CRE in Phoenix: Thriving Amid Change and Challenge

I have had the opportunity to discuss the Phoenix commercial real estate market activity consistently since 2022 for Arizona School of Real Estate and Business.  This article always ties into the market update that I typically host, which, by the way, is coming up on August 22, 2025, Commercial Growth, make sure you sign up!

Trends start to emerge each time I look at the data from year to year and this year is no different!  Let’s start off by the recap of looking at Year-Over-Year changes in each product type from just the first half of 2024 and YTD 2025:

Office Sector: Hybrid to In-Office Mandates

The office market continues to evolve.  New, Class A properties, for example, The Grove, have set record occupancy and rental rates in our market.  Meanwhile, older, Class B & C still continue to struggle with vacancy and increased operating costs.  Transaction velocity increased by 8% for a total of 104 transactions YTD; however, total sales volume is down by 43%.  The takeaway here is that there are more smaller transactions which explains why the average price per square foot has increased by almost 3% to $198/SF from $193/SF same time last year.

Industrial Sector: From Boom to Balanced Growth 

Crystals are now worth a TRILLION dollars?  A recent announcement by Softbank, in the Phoenix Business Journal and Bloomberg news, plans to develop a $1 trillion dollar industrial complex for AI and robotics.  Current nickname is “Project Crystal Land.”  We have seen the impact of the $165B ongoing investment by TSMC.  Now, imagine that times 10!    Overall, transaction velocity increased by over 19% for a total of 165 transactions YTD; total sales volume increased by over 63%.  Larger transactions at lower price per square foot and higher cap rates enticed investors to take advantage of the slower 2024 numbers

Retail: Yes, More Experiential Please

The consumer continues to spend, and the CPI has stabilized, at least for now.  New projects deliveries have been modest the past few years which is why vacancy rates continue to stay at historic low levels and rents continue to rise.  The memory of the GFC when retail was built before the rooftops and the decade long correction required are still top of mind for developers which continue to use restraint.  Tenant expansions continue even with the number of Tenant bankruptcy announcements.  Tenants that were priced out have opportunities to locate to trade areas they have not been able to enter previously.  Transaction velocity is almost even at 121 sales YTD.  The average price per square foot increased at just under 6% to $211.  Total Sales Volume is still down significantly because the average transaction size is just under half from this time last year.  Cap rates compressed by 10% from this time last year with the average cap rate sitting at 6.5% YTD in 2025.

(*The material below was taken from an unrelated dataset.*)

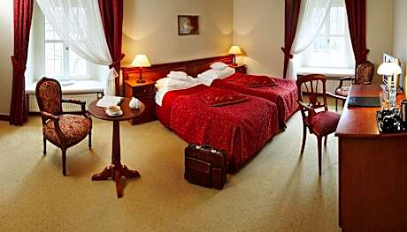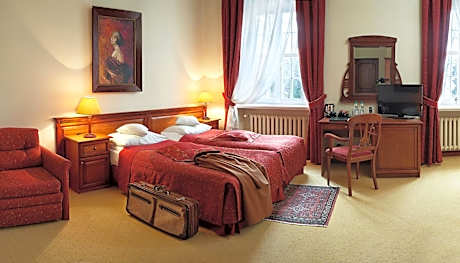 Housed in a magnificent 16th-century castle surrounded by peaceful countryside just west of Lądek Zdrój, Zamek Na Skale's beautiful interiors and great spa and relaxation facilities promise the perfect break. With a range of accommodations types to choose from, including standard and superior rooms, as well as spacious apartments, Zamek Na Skale has something for every taste and requirement. What all units have in common is elegance, comfort and facilities such as satellite and pay TV, free Wi-Fi and room service. The luxurious spa and wellness center of Zamek Na Skale will provide some of the highlights of your stay. It includes an indoor swimming pool, a hot tub, saunas, massage facilities and a beauty salon. Sample sophisticated dishes of Polish and international cuisine at the restaurant, complemented by a well-stocked wine cellar, romantic music and a beautiful setting. Take a walk around the beautiful gardens, enjoy a game of billiards or a bicycle ride. Services such as airport shuttle, child minding and laundry are designed to take any hassle out of your stay. Zamek na Skale is located in the Klodzko Valley, by the River Biala Ladecka. Charming Lądek Zdrój, one of the oldest health resorts in Europe, is around 3.7 miles away.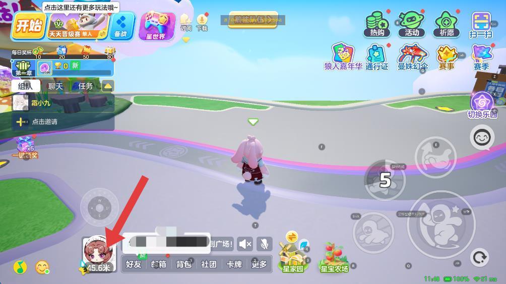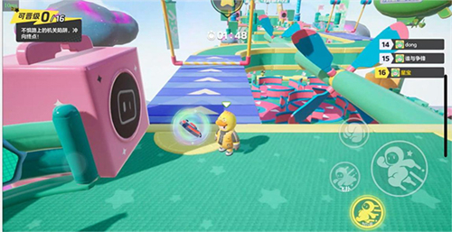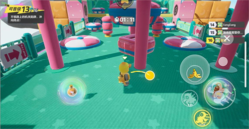 1.首先下載安裝好元夢(mèng)之星游戲后,點(diǎn)擊進(jìn)入游戲,游戲有很多不同的地圖,大家可以選擇喜歡的地圖進(jìn)入,屏幕中左邊的輪盤(pán)用來(lái)控制移動(dòng),右邊分別是道具使用、跳躍、飛撲加速技能;

Multifamily: No more apartments!  We need more housing! 

As mentioned above, the amount of large commercial and industrial projects under construction, in the pipeline and recently announced is going to require additional housing.  Phoenix continues to be a top 5 population growth market in the country.  Renting by choice vs purchasing a home is no longer viewed negatively.  It provides the ultimate flexibility for workers that are relocating here from other markets until they find the area they want to plant roots.  Affordability is going to continue to be a challenge.  Transaction velocity is a little down from last year but the big story is the sales volume is significantly down.  Last year at this time, almost $3.4 billion traded hands while YTD it has been $1.6 billion, a decrease over 117%.  Cap rates remain steady around 5% with the average price per unit increasing about 9% to about $266,000 per unit.

Change and Challenge

Despite all the macroeconomic uncertainties of tariffs, wars, national debt, water, etc., the Phoenix’s commercial real estate market in 2025 continues to be adaptive and resilient.  Each commercial sector took a breath the latter half of 2024.  So far in 2025, there has been a constant re-evaluation of new data that continues to come in, and yet, the market continues to press forward.  Challenges create the opportunity; go take advantage of the opportunity!